▶ Task instructions
Pictures appear among the records below and must be omitted. Repeat exactly the lines from the line with "저는 '코로나' 키워드로 검색을 해 open api 2페이지에 있는" to the line with "Personalized Memorial Tumbler", both included.

▶ Material for this exercise
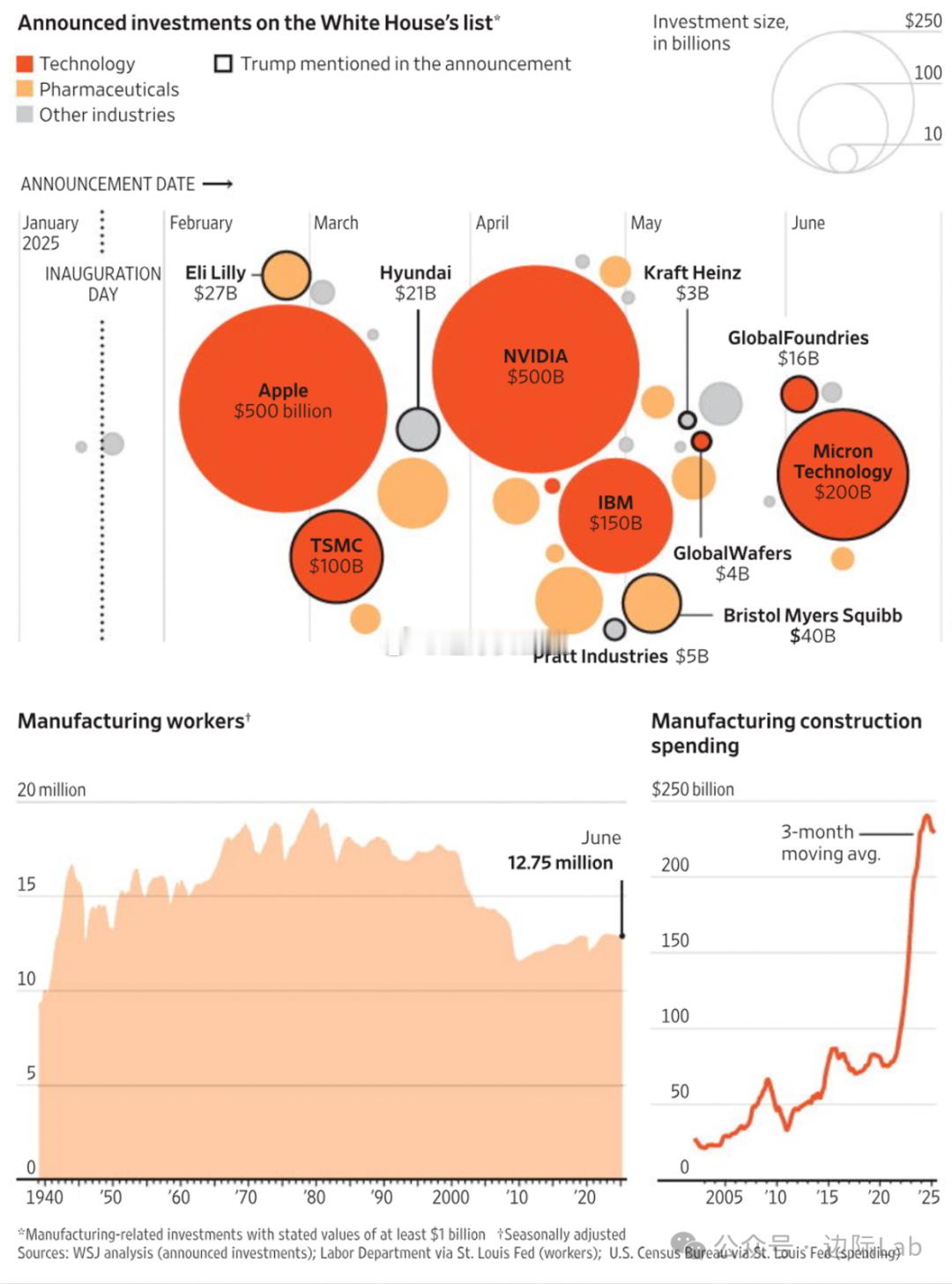 美国白宫正积极宣传其政策已促成近2万亿美元的制造业相关投资,但其背后情况远比白宫所吹嘘的复杂。白宫列出的投资清单中包括了苹果、英伟达等公司的重磅项目,然而其中许多或是企业正常的年度资本支出计划,或是在特朗普上任前早已规划,甚至是将在前届政府时期(如美光的芯片法案投资)的承诺重新包装后,归功于现任政府。尽管数据显示,美国的制造业建设支出确实已飙升至历史新高,但制造业的就业总人数仍远低于历史峰值,这轮投资热潮的性质与过去明显不同。来源:华尔街日报
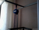 подъем в вертикализатор (параподиум)Очень даже работает. Не стал брать электрическую, взял самую простую таль, она цепная, китайская, на 250 кг (брал небольшого размера). Сшил ремень как у парашютистов, но только нижнюю часть: на ноги и за поясницей. В передней части два отрезка с каждой стороны с петлями под карабин. Карабин цепляю за крючок на цепи, тяну нужную цепь и поднимаюсь потихоньку, так же и спускаюсь обратно. Шил из автомобильного б/у ремня безопасности.
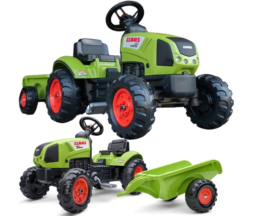 Traktor na pedały z przyczepą CLAAS producenta FALK to spełnienie marzeń niejednego małego traktorzysty. Starannie wykonany, z dbałością o najmniejszy szczegół! Żaden Farmer by takim nie pogardził. Pojazd wykonany z najwyższej jakości tworzywa przeznaczony dla dzieci w wieku od 2 lat. Długość zestawu 132cm. Pojazd jest wyposażony w odpinaną przyczepę z panelami oraz kierownicę z klaksonem. Koła traktorka zostały wykonane z wysokiej jakości plastiku.
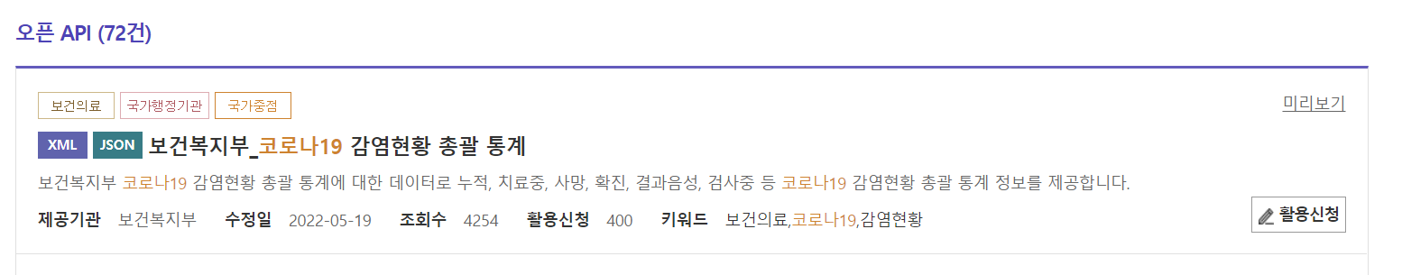저는 '코로나' 키워드로 검색을 해 open api 2페이지에 있는
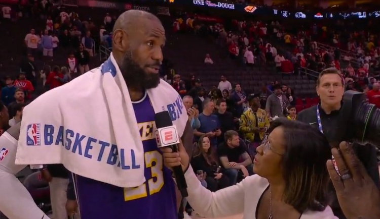 賽后,詹姆斯在場(chǎng)邊接受了記者(Lisa Salters)采訪。他說道:“我本來要立刻回更衣室冰敷(手肘),但我愛你,你太棒了, 我必須回來接受你的采訪?!?/p>
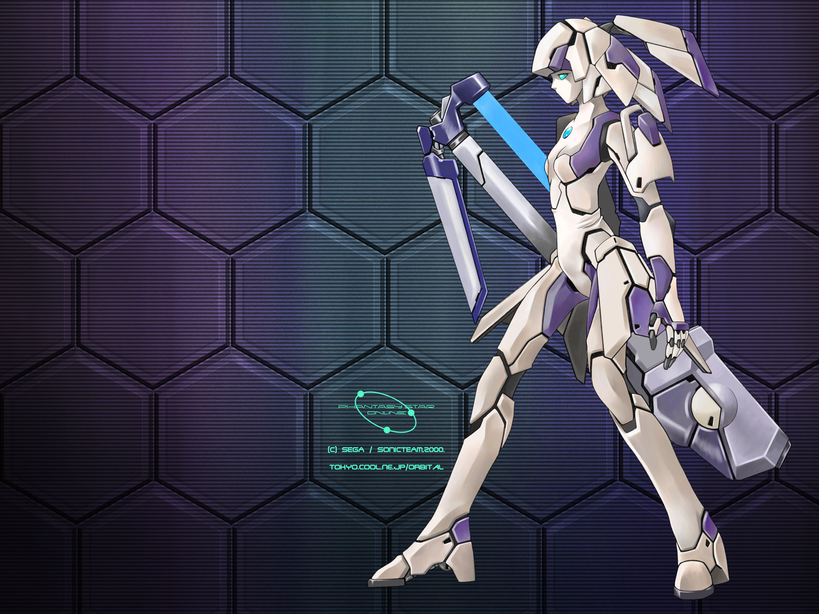 Description: A robot with a briefcase and a sword in his hand and a purple background with he is holding a blue and white object.
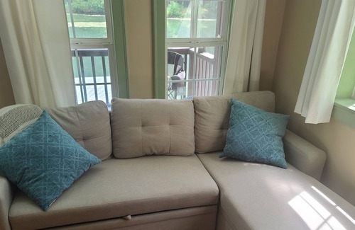 Find your happy place at our cabin on the pond. Relax and enjoy all that nature offers right out the front door on the deck. Want to explore? Callaway Gardens, FDR state park, and FDR's little white house are only a few of many area attractions. A well stocked kitchen, refreshing shower with luxurious towels, and a "please don't wake me" comfortable bed are only a few of things our guests love. The couch pulls out into a full bed for extra guests.
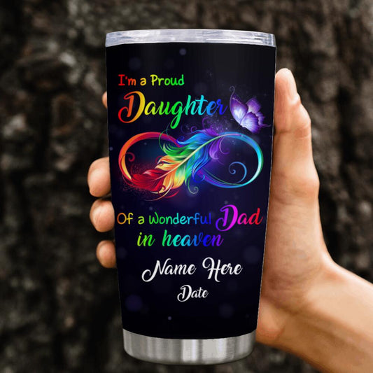 Personalized Memorial Tumbler I'm A Proud Daughter Of A Wonderful Dad in Heaven For Daughter Butterfly Tumbler 20oz Custom Memorial Gift Black M20
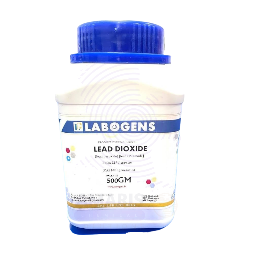Lead Dioxide Extra Pure is a dark brown or black crystalline powder with the chemical formula PbO₂, recognized for its strong oxidizing properties and high purity suitable for laboratory-grade applications. This compound is primarily used in electrochemical experiments, oxidation reactions, and battery research, especially in the development and maintenance of lead-acid batteries where it functions as the active material on the positive plate. In analytical chemistry, it is employed as an oxidizing agent and for synthesizing other lead compounds. Its stability and performance under controlled conditions make it valuable for advanced scientific research and industrial formulation trials. Due to its toxic and environmentally hazardous nature, strict safety protocols are necessary during handling and disposal.

▶ Task response
저는 '코로나' 키워드로 검색을 해 open api 2페이지에 있는
 賽后,詹姆斯在場(chǎng)邊接受了記者(Lisa Salters)采訪。他說道:“我本來要立刻回更衣室冰敷(手肘),但我愛你,你太棒了, 我必須回來接受你的采訪?!?/p>
 Description: A robot with a briefcase and a sword in his hand and a purple background with he is holding a blue and white object.
 Find your happy place at our cabin on the pond. Relax and enjoy all that nature offers right out the front door on the deck. Want to explore? Callaway Gardens, FDR state park, and FDR's little white house are only a few of many area attractions. A well stocked kitchen, refreshing shower with luxurious towels, and a "please don't wake me" comfortable bed are only a few of things our guests love. The couch pulls out into a full bed for extra guests.
 Personalized Memorial Tumbler I'm A Proud Daughter Of A Wonderful Dad in Heaven For Daughter Butterfly Tumbler 20oz Custom Memorial Gift Black M20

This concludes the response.